### REQUIRED WORK
The listing below should be printed exactly, every line of it. Skip the pictures.

### DATA EXTRACT

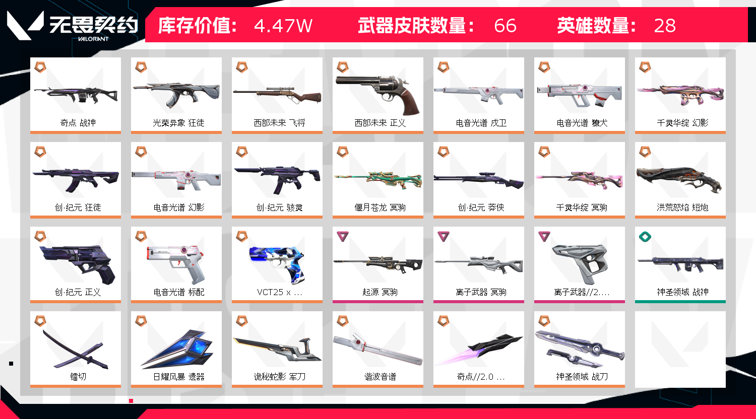 首页 > 租号大厅 > 无畏契约-wegame > wegame/wegame > 4.4w库存/光菜异象 狂徒/电音光谱全套/创 纪元全套/奇点//2.0 蝴蝶刀/诡秘蛇影 军刀/奇
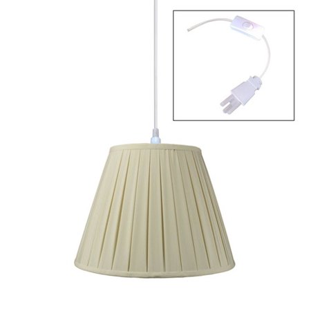 HMCI1171 <br /> <b>Features</b> <br /> <ul> <li>Number of lights: 1</li> <li>Kit includes pendant shade, cord, plug, 2 hooks with anchors</li> <li>White round cord has an upgraded on/off rocker-switch</li> <li>Comes with mounting hardware for swag mounting</li> <li>Perfect for apartments, rec-rooms, breakfast nooks or anywhere you need light but don't have a ceiling junction box</li> <li>Deluxe round cord hang straight without the bends and kinks found in skinny flat cords</li> <li>Fixture Design: Cone</li> <li>Finish: White</li> <li>Number of Lights: 1</li> <li>Swag Light: Yes</li> <li>Power Source: Plug-in</li> <li>Country of Origin: China</li> <li>Shade Material: Fabric</li> <li>Bulb Type: LED/Compact Fluorescent (CFL)</li> </ul> <br /> <b>Dimensions</b> <br /> <ul> <li>Cord diameter: 0.27"</li> <li>Body Height - Top to Bottom: 12"</li> <li>Body Width - Side to Side: 16"</li> <li>Body Depth - Front to Back: 16"</li> <li>Overall Weight: 2.75 lbs</li> </ul> <br /> <b>Specifications</b> <br /> <ul> <li>Commercial OR Residential Certifications: Yes</li> </ul>
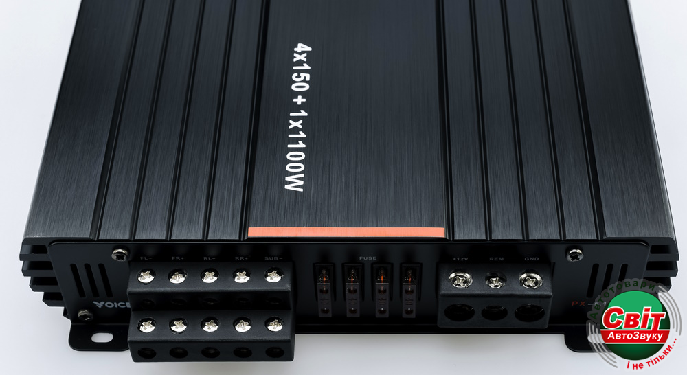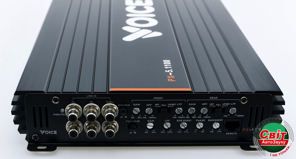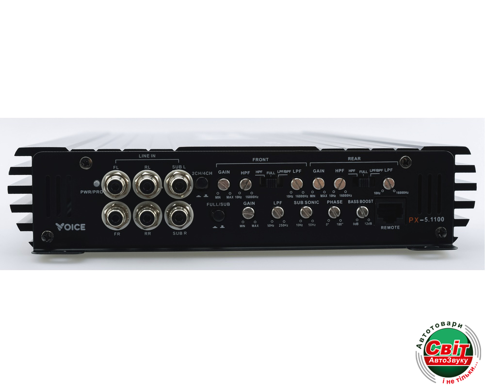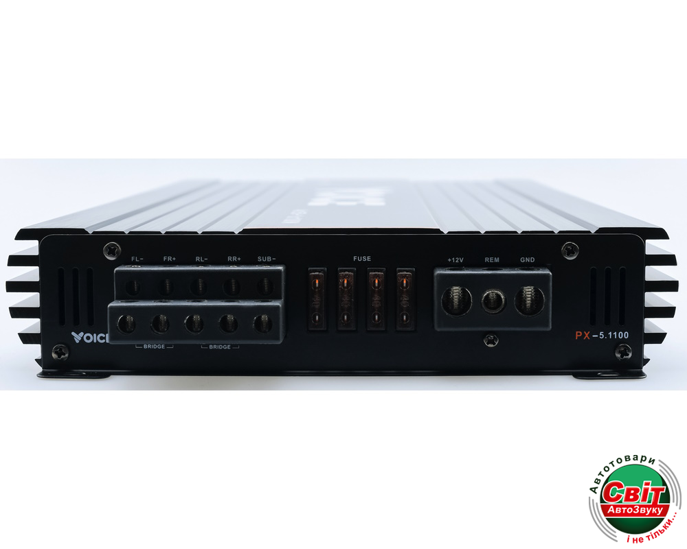 Підсилювач Voice PX-5.1100Якщо вам потрібен підсилювач, який подає високу потужність на сабвуфер та динаміки, PX-5.1100 – ідеальне рішення. Ви отримуєте кришталево чистий звук для акустичних каналів та вибуховий бас для сабвуфера, все з одного пристрою.

### COMPLETED TASK
 首页 > 租号大厅 > 无畏契约-wegame > wegame/wegame > 4.4w库存/光菜异象 狂徒/电音光谱全套/创 纪元全套/奇点//2.0 蝴蝶刀/诡秘蛇影 军刀/奇
 HMCI1171 <br /> <b>Features</b> <br /> <ul> <li>Number of lights: 1</li> <li>Kit includes pendant shade, cord, plug, 2 hooks with anchors</li> <li>White round cord has an upgraded on/off rocker-switch</li> <li>Comes with mounting hardware for swag mounting</li> <li>Perfect for apartments, rec-rooms, breakfast nooks or anywhere you need light but don't have a ceiling junction box</li> <li>Deluxe round cord hang straight without the bends and kinks found in skinny flat cords</li> <li>Fixture Design: Cone</li> <li>Finish: White</li> <li>Number of Lights: 1</li> <li>Swag Light: Yes</li> <li>Power Source: Plug-in</li> <li>Country of Origin: China</li> <li>Shade Material: Fabric</li> <li>Bulb Type: LED/Compact Fluorescent (CFL)</li> </ul> <br /> <b>Dimensions</b> <br /> <ul> <li>Cord diameter: 0.27"</li> <li>Body Height - Top to Bottom: 12"</li> <li>Body Width - Side to Side: 16"</li> <li>Body Depth - Front to Back: 16"</li> <li>Overall Weight: 2.75 lbs</li> </ul> <br /> <b>Specifications</b> <br /> <ul> <li>Commercial OR Residential Certifications: Yes</li> </ul>
 Підсилювач Voice PX-5.1100Якщо вам потрібен підсилювач, який подає високу потужність на сабвуфер та динаміки, PX-5.1100 – ідеальне рішення. Ви отримуєте кришталево чистий звук для акустичних каналів та вибуховий бас для сабвуфера, все з одного пристрою.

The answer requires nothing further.